Convicted Queens Trash-Hauler Was ‘Consultant’ For DA Morgenthau

MALBA, QUEENS – A Queens man was arrested last month for bribing a City College employee to cease his waste disposal company. He previously worked as a so-called “advisor” to longtime New York District Attorney Robert Morgenthau, whose legacy was the prosecution of white-collar crimes and an emphasis on reducing organized crime and fraud in the garbage disposal industry.

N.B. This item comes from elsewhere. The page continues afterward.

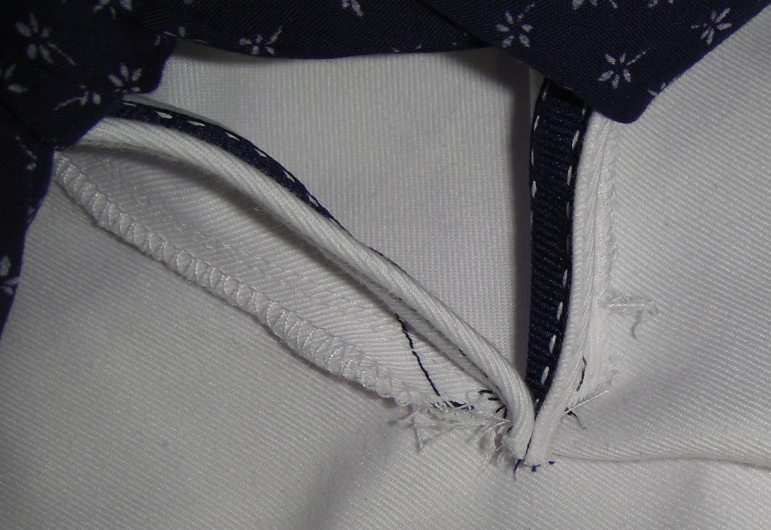I did think to use my navy trim to cover the hems for the sleeves—nice, clean finish. This mock-grosgrain ribbon doesn’t go around curves as nicely as real grosgrain, but with the running stitch decoration you can tighten up the inner side and make it curve fairly nicely, which I do like.

Malba-resident George Kalergios pleaded guilty to federal bribery last month after prosecutors accused him of bribing a director of the facility in excess of $ 11,000 for an exclusive litter disposal contract at the unnamed college to have.

In that case, no mention was made of Kalergios having close ties to law enforcement, including four years as an advisor to the Manhattan prosecutor under Morgenthau, a prosecutor’s spokesman who was confirmed to Patch.

Kalergios also previously worked as a detective for the NYPD, confirmed a police spokesman, and was assigned to the Manhattan Attorney’s Office at one point.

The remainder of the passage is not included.